Introduction The study of jets at the Large Hadron Collider (LHC) has recently taken a new turn with new substructure observables [1, 2] amenable to precise theory calculations [3,4,5], including genuine theory uncertainty bands, and corresponding experimental measurements from both the CMS [6] and ATLAS [7] collaborations. The substructure techniques we concentrate on are usually referred to as grooming and they aim to reduce sensitivity to non-perturbative corrections and pileup.

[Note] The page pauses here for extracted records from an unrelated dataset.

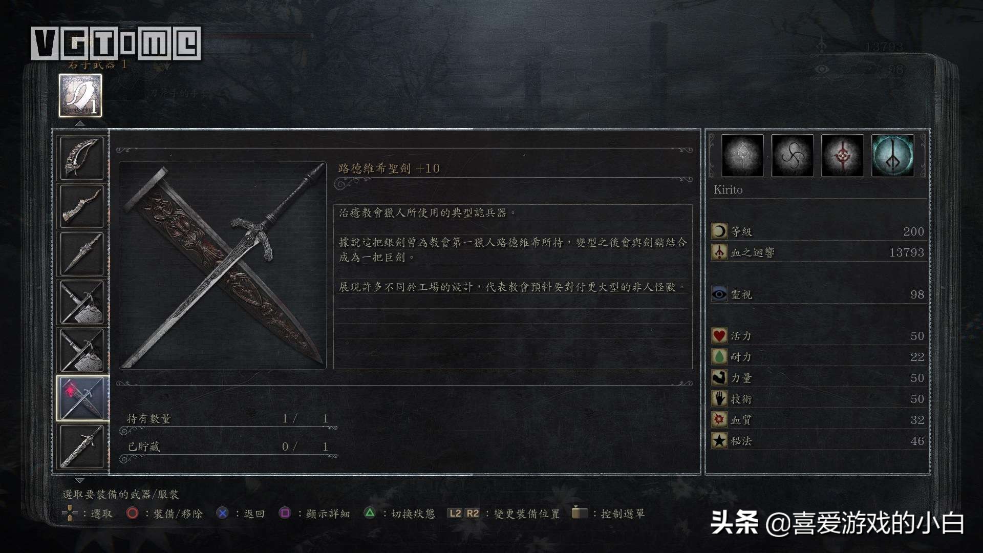 然后这个BOSS感觉彻底变了个人,从原来疯狂的野兽变成了身经百战的战士,剑招又快又狠,各种招数变化令人措不及防,真的是挨上就死碰上就亡,二阶段气势磅礴的敌人,配合上令人振奋的BGM,哪怕是敌人也会让玩家热血沸腾,想要和其进行荣誉的对决。当然,这场战斗并不公平,毕竟玩家是可以复活的,在经过无数次反复骚扰之后,最终他还是倒在了小白的剑下,这时候换上猎人服装和仅剩一个头的他说话,如果选择继承了他的荣光,还会得到他的月光大剑。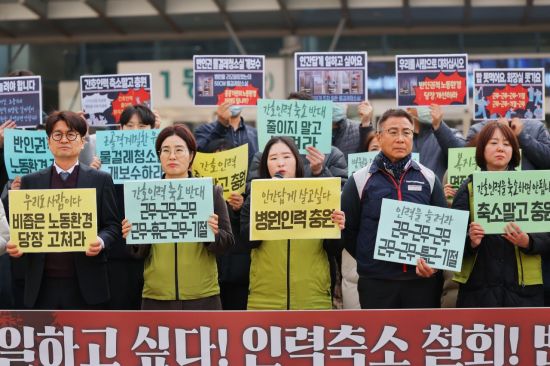 아울러 "병원은 노동조합과 노동자들을 존중하고 단체협약을 이행하라"라며 "병원은 일방적인 인력축소 철회하고 근무자 수 합의 준수해야 한다"고 덧붙였다.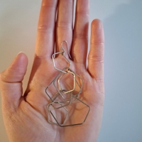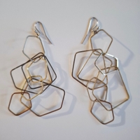 Dangle earrings featuring multiple linked geometric shapes in silver and gold tone. Lightweight design suitable for various occasions.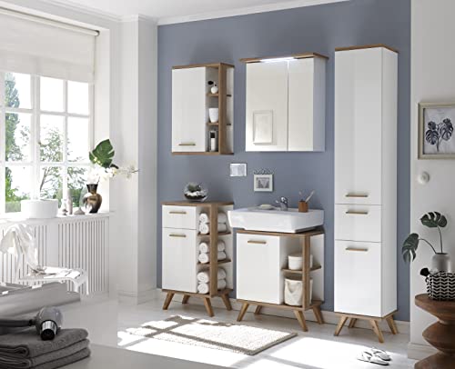 Elegante: questo moderno armadio pensile in bianco lucido/rovere Riviera trasversale con le moderne maniglie in legno è senza dubbio l'attrazione nel vostro bagno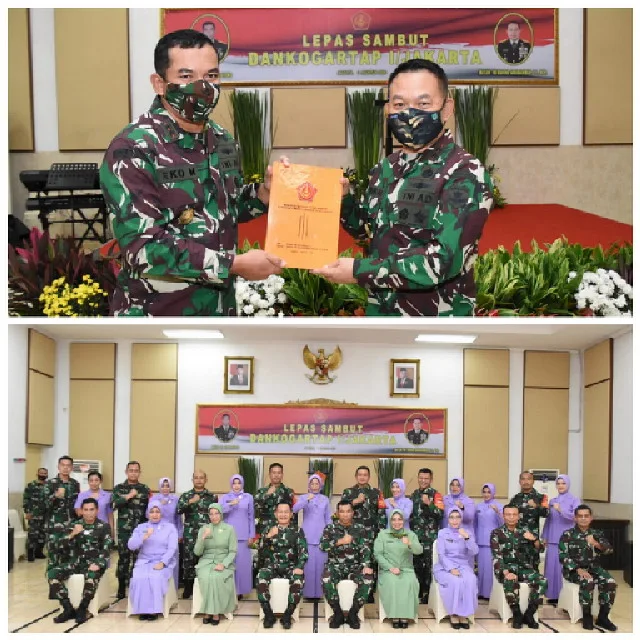 Setelah Upacara Sertijab Pangkostrad Mayjen TNI Eko Margiyono dan Pangdam Jaya Mayjen TNI Dudung Abdurachman beserta Istri melaksakan sertijab Komandan Garnisun Tetap-1 (Dangartap-1/Jakarta).(Rosidi)

A first series of studies has focused on the jet mass after applying the (modified) MassDrop Tagger (mMDT) [1, 8] in dijet events, as measured by the CMS collaboration [6]. On the theory side, the description of this observable requires to match a resummed calculation, important in the small-mass region, to fixed-order results, which are important for large masses. The former are obtained analytically, including to all orders terms enhanced by the large logarithms of \(p_t^2/m^2\) with \(p_t\) the jet transverse momentum and m the (groomed) jet mass. The latter is obtained from fixed-order Monte-Carlo simulations. To date, two theory calculations are available: a SCET-based next-to-leading logarithmic (NLL) resummation in the small \(z_{\text {cut}}\) limit, matched to leading order (LO) results [4], and our previous study matching a leading logarithmic resummation, including finite (but small) \(z_{\text {cut}}\) effects, to next-to-leading order results [5]. Comparing both predictions, we see a small NLL effect at small mass and non-negligible NLO corrections at large mass.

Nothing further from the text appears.